Niuheliang (牛河梁) is a Neolithic archaeological site in Liaoning Province, Northeast China, along the middle and upper reaches of the Laoha River and the Yingjin River (presently on the border of Chaoyang and Jianping County). Discovered in 1983, the Niuheliang site belongs to the Hongshan culture (4700–2900 BC). It includes evidence of religion, such as a temple, an altar and a cairn.

==Description==
Niuheliang is a large burial site scattered over hill tops over a 50 square kilometer area. The altitude of Niuheliang ranges between 550 meters and 680 meters above sea level.

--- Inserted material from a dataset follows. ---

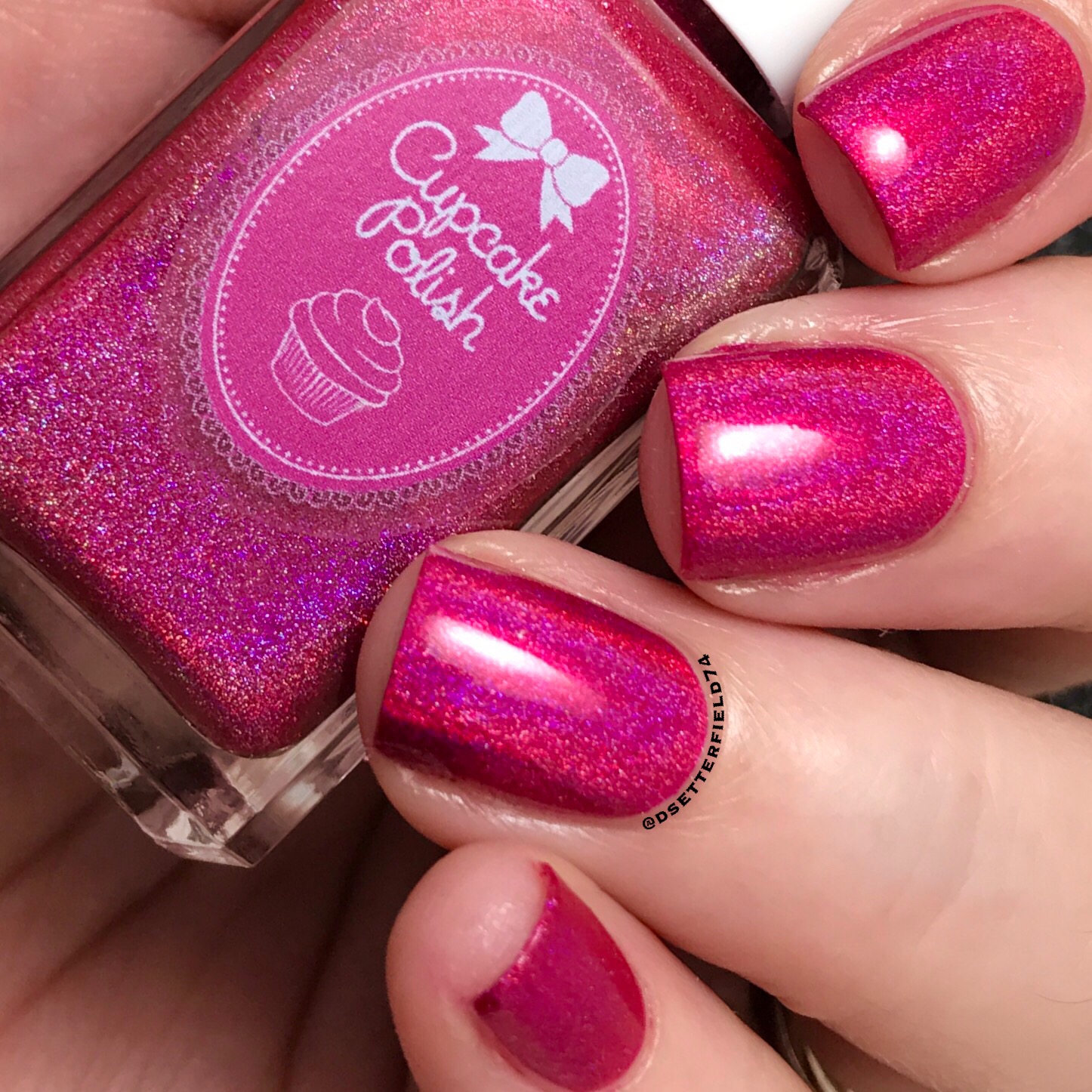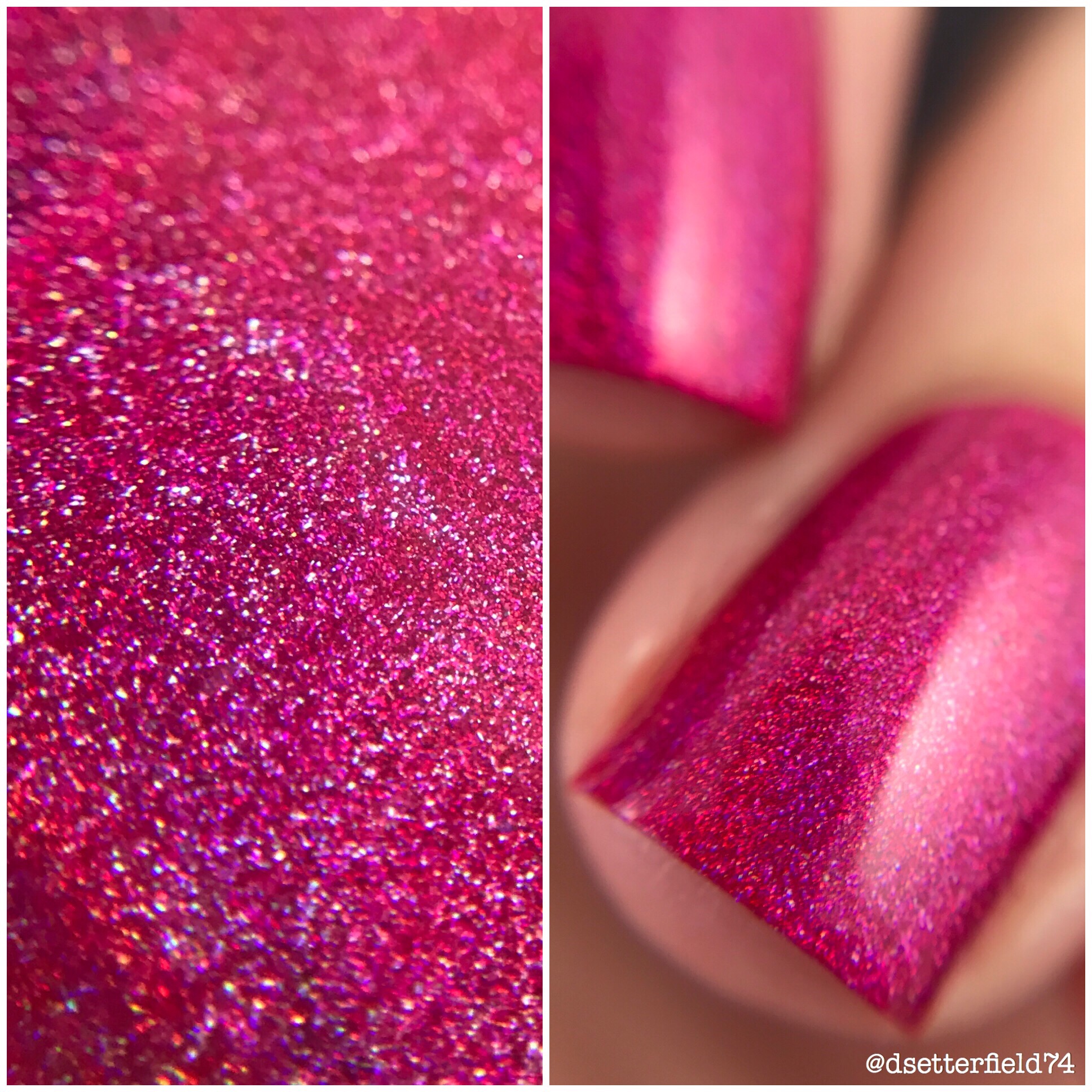 DESCRIPTION: A pink base with light sprinkle of holo and shifty green to pink shimmer

Niuheliang dates to 3,500–3,000 BCE. It was a burial and sacrificial center in the late Hongshan period. No residential settlements have been discovered here so far.

==Temple==
The site features a unique temple on a loam platform, with an altar and cairn complex, covering an area of around 5 km^{2}. The altar at Niuheliang was made of stone platforms, supported by painted, clay cylinders. A north–south axis connects this temple complex with a central peak of the Zhushan (猪山) mountains, otherwise known as "Pig Mountain". The subterranean ritual complex was built on a ridge and decorated with painted walls, referred to by Chinese archaeologists as the Goddess Temple, due to the discovery of a clay female head with jade inlaid eyes.

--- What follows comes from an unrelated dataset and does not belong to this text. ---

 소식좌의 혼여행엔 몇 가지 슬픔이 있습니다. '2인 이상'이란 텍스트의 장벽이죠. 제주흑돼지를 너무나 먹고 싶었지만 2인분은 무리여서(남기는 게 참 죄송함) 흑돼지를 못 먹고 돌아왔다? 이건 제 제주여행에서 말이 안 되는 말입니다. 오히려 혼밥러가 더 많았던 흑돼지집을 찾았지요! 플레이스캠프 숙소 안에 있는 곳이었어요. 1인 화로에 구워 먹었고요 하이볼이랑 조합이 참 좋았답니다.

Pig dragons and large, nude, clay figurines were also found at Niuheliang. Some of the figurines are up to three times the size of real-life humans; the interior of the figurines was structured from wood and straw.

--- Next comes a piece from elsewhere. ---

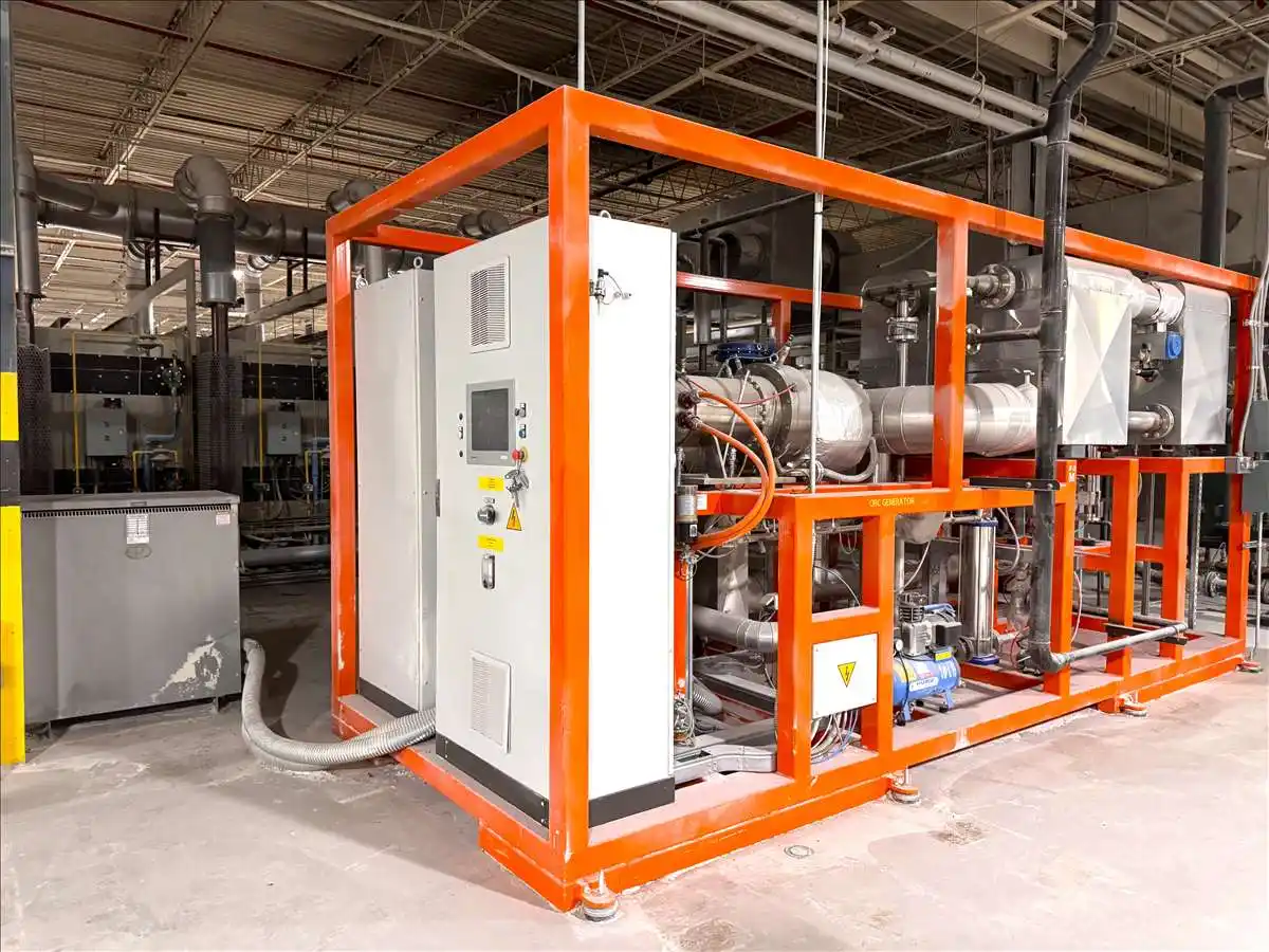 This Zuccato Energy LT-Series Organic Rankine Cycle (ORC) waste heat recovery system is designed to convert excess thermal energy into usable electricity in heat-intensive industrial environments. Suitable for integration with furnaces, kilns, dryers, and other continuous process equipment, ORC systems recover waste heat from exhaust streams and transform it into supplemental power to improve overall plant efficiency. This unit was installed as part of an industrial processing facility and is well suited for cement, lime, mineral processing, chemical processing, glass, and other operations seeking to reduce wasted thermal output and improve energy utilization. Integrator-related system components may reference ClearPower Systems, while the core ORC module is manufactured by Zuccato Energy.

Six groups of cairns were discovered nearby, south and west of the temple site. The primary burial goods accompanying the graves were jade artifacts, although most of the excavated graves had already been looted.

===Interpretation===
According to archaeologist Guo Dashun, who was in charge of excavating this site, there are in fact two varieties of animals represented in the jades. One is a boar with narrow eyes and flat snout; the other is a bear, represented by round eyes and short perky ears. He also found similar boar and bear symbolism in the vessels found at Xiaoheyan site.

The bear has been widely worshipped in Northeast Asia, such as by the Ainu in northern Japan, and in Siberia. Thus, Guo Dashun sees this site in the wider Northeast Asian context.

Some similarities with Xinglongwa culture (6200–5400 BC) of northeastern China have also been pointed out.

==Pyramidal structure==
One year after the temple-cairns complex was discovered nearby a pyramidal structure "disguised" as a hill known as Zhuanshanzi (轉山子), which was included during the Han dynasty (−206~220) in a section of the Great Wall. Built with earth and imported stone, its structure is more elaborate than the cairns.

This site contains some of the essential elements, temples, cairns and platforms, present in later ancestor worship of the Chinese such as the Ming tombs 5000 years later.